* Data below
--- START ---

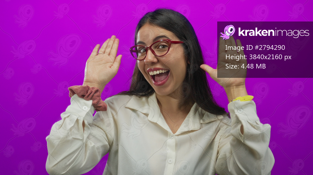 Young woman wearing red glasses and an elegant white blouse covers face with hands in a studio; playfulness.
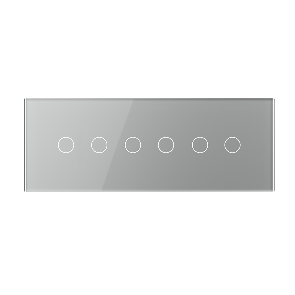 Panou intrerupator dublu + dublu + dublu cu touch Livolo din sticla, standard italian, cu 6/7 module, din sticla crystal securizata, termorezistenta, compatibil doar cu modulele Livolo. Este rezistent la zgarieturi, umezeala, praf si ofera casei tale un plus de eleganta si rafinament.
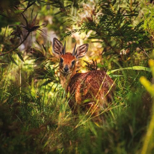 Beskrivning: Liten antilop med en vikt på 8-10 kg och en mankhöjd som normalt inte överstiger 50 cm. Grysbucken är gråbrun med vit teckning över ögonen och under halsen. Hornen som är mycket små är svarta med små tvärgående räfflor.

--- END ---

* Task
Repeat the data exactly, without the pictures.

* Exercise result
 Young woman wearing red glasses and an elegant white blouse covers face with hands in a studio; playfulness.
 Panou intrerupator dublu + dublu + dublu cu touch Livolo din sticla, standard italian, cu 6/7 module, din sticla crystal securizata, termorezistenta, compatibil doar cu modulele Livolo. Este rezistent la zgarieturi, umezeala, praf si ofera casei tale un plus de eleganta si rafinament.
 Beskrivning: Liten antilop med en vikt på 8-10 kg och en mankhöjd som normalt inte överstiger 50 cm. Grysbucken är gråbrun med vit teckning över ögonen och under halsen. Hornen som är mycket små är svarta med små tvärgående räfflor.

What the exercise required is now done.